Mas se A casa no mar cerúleo começa como com um tom mais cauteloso, Algures para lá do mar prossegue, depois de um episódio fantástico caseiro, rapidamente para tensão e crise. Arthur é chamado a depor perante o organismo que regula as crianças mágicas, num teatro político que tem como objectivo caracterizá-lo, e às crianças, como um perigo para a sociedade. O resultado é o que as forças governamentais pretendem, com o envio de uma nova inspectora à ilha onde vivem.

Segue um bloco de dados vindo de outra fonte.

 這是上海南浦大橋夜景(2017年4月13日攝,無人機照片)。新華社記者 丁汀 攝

A este novo perigo (a inspectora vem com instruções maléficas bem claras e apesar das supostas boas intenções será forçada a reportar alguns episódios de forma mais negativa) contrapõe-se a adição de mais um membro da família – um Yeti com tendência para grandes espectáculos teatrais, um rapaz nitidamente traumatizado com a demonização por instituições e regras castradoras da sua natureza.

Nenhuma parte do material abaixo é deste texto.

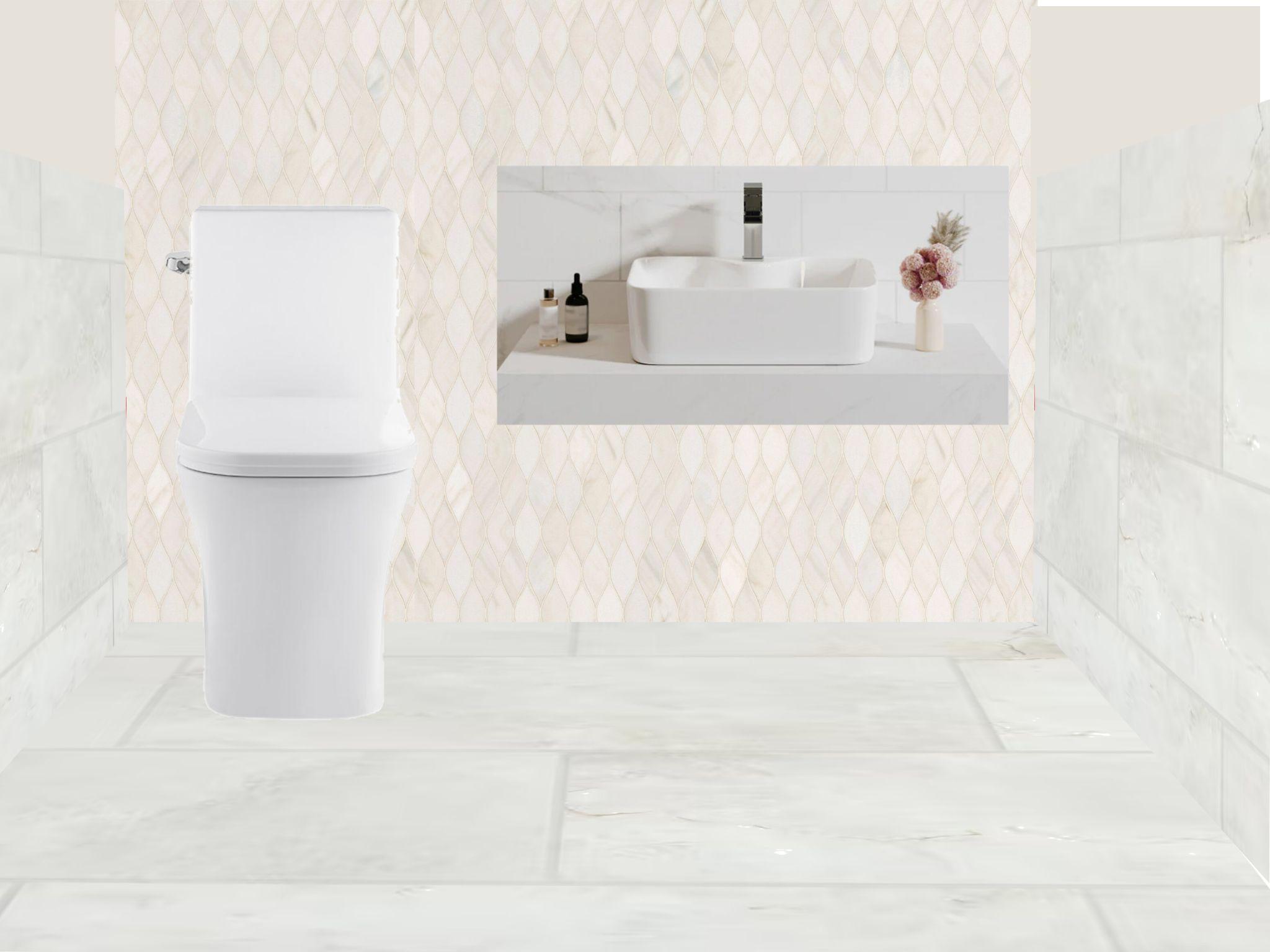 show me a photorealistic rendering of this commercial bathroom with a commercial towel dispenser on the right wall next to the sink and grab bar on the left wall next to the toilet

Tal como no volume anterior, a história apresenta o lar que se construiu nesta casa, onde as diferenças mágicas dos vários elementos se completam, descobrindo o mundo que os rodeia e a sua própria natureza com a progressão dos seus poderes. Arthur e Linus não só acolhem os jovens, como têm um papel fulcral no desenvolvimento da sua moralidade, ajudando-os a compreender as reacções negativas do mundo que os rodeia.

No entanto, este volume apresenta-se mais pesado. Enquanto Linus, enquanto inspector no volume anterior, tinha um desejo genuíno de perceber a realidade das crianças, a nova inspectora possui intenções políticas, e pretende manipular a opinião e instrumentalizar as crianças. Para tal, irá recorrer a interacções menos positivas, quer com os membros da casa, quer com os habitantes da vila onde agora já são acolhidos.

Este segundo volume opta por uma abordagem menos inocente, de confronto com a instrumentalização política dos socialmente mais fracos, mostrando a falta de ética que pode existir no governo, manipulando a opinião pública e não olhando a meios para direccionar o povo em determinado sentido. Apesar desta aura menos simpática, a narrativa mantém a exploração das particularidades das várias personagens, numa vertente bem humorada que contrasta positivamente com o tema de fundo.

O resultado continua a ser uma leitura suave e adorável, que confere momentos de boa disposição, ainda que se afaste um pouco da ideia de que todos são redimíveis. Em Algures para lá do Mar há vilões – gananciosos, interesseiros e egoístas, e ainda que o desfecho seja positivo, o final não deixa de parecer um sinal de alerta sobre a instrumentalização dos socialmente mais desprotegidos.